_Records shown:_
"""

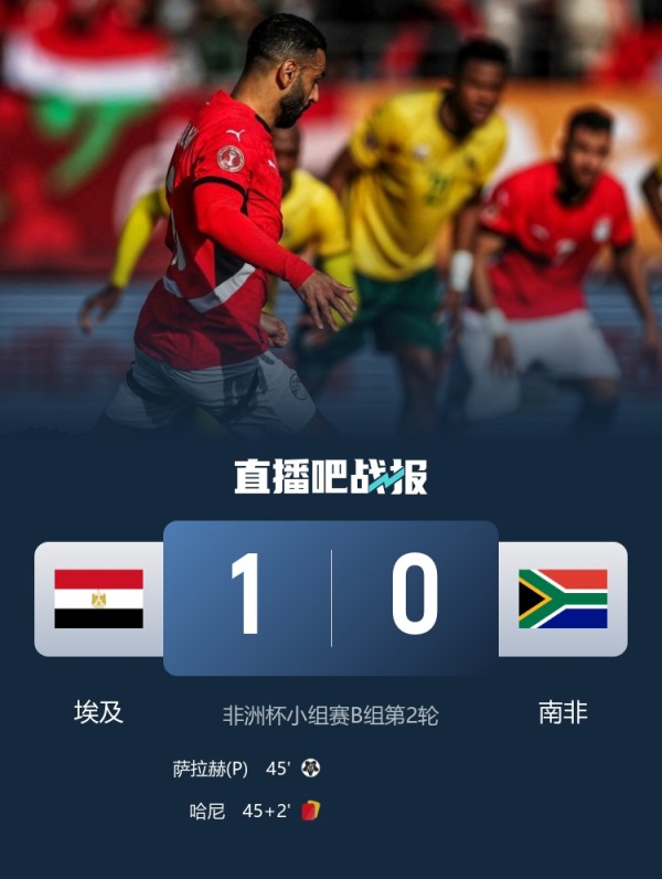 非洲杯小组赛B组第二轮,埃及1-0战胜南非,取得两连胜,也提前在B组出线。
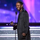 Kendrick Lamar may have had the best night at the Grammys, hands down. Not only did he open the show with a powerful performance featuring U2 and Dave Chappelle, but he also took home a handful of awards, including best rap album for Damn. During his speech, Kendrick took a moment to talk to the crowd about the importance of the award and what it meant to him. "This is a special award because of rap music," he said. "Most importantly, it showed me the true definition of what an artist was. From the jump I thought it was about the accolades, the cars, and the clothes, but it's really about expressing yourself and putting that paint on the canvas for the world to evolve." He also gave JAY-Z, Nas, and Diddy special shout-outs before walking off the stage and shouting, "JAY for president." Well said, Kendrick.
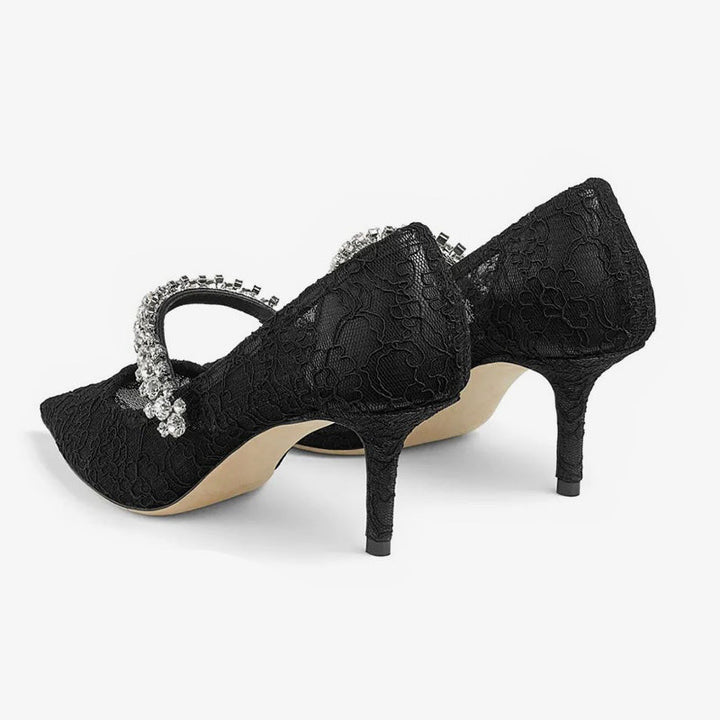 These elegant mid-heel shoes feature delicate lace details, a crystal-embellished design, and a pointed toe. With a tapered heel and leather sole, they offer both style and comfort. The upper is crafted from 95% fabric and 5% lambskin, with a nylon lining for added softness.
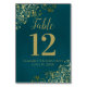 These beautiful wedding table number cards feature a simple yet elegant design with gold script calligraphy on a dark marbled teal colored background with a frilly gold faux foil floral filigree in the corners. Perfect way to make your wedding reception beautiful and help your guests find the right table at the same time.
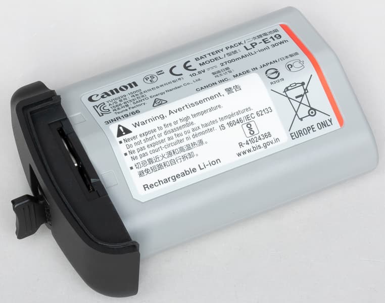 | Батарея | литий-ионный аккумулятор LP-E19; 2850 кадров при 20 °C или 2360 кадров при 0 °C |

"""

_Your assignment:_
Generate a word-for-word copy of the preceding records, excluding all pictures.

_Solution to this exercise:_
 非洲杯小组赛B组第二轮,埃及1-0战胜南非,取得两连胜,也提前在B组出线。
 Kendrick Lamar may have had the best night at the Grammys, hands down. Not only did he open the show with a powerful performance featuring U2 and Dave Chappelle, but he also took home a handful of awards, including best rap album for Damn. During his speech, Kendrick took a moment to talk to the crowd about the importance of the award and what it meant to him. "This is a special award because of rap music," he said. "Most importantly, it showed me the true definition of what an artist was. From the jump I thought it was about the accolades, the cars, and the clothes, but it's really about expressing yourself and putting that paint on the canvas for the world to evolve." He also gave JAY-Z, Nas, and Diddy special shout-outs before walking off the stage and shouting, "JAY for president." Well said, Kendrick.
 These elegant mid-heel shoes feature delicate lace details, a crystal-embellished design, and a pointed toe. With a tapered heel and leather sole, they offer both style and comfort. The upper is crafted from 95% fabric and 5% lambskin, with a nylon lining for added softness.
 These beautiful wedding table number cards feature a simple yet elegant design with gold script calligraphy on a dark marbled teal colored background with a frilly gold faux foil floral filigree in the corners. Perfect way to make your wedding reception beautiful and help your guests find the right table at the same time.
 | Батарея | литий-ионный аккумулятор LP-E19; 2850 кадров при 20 °C или 2360 кадров при 0 °C |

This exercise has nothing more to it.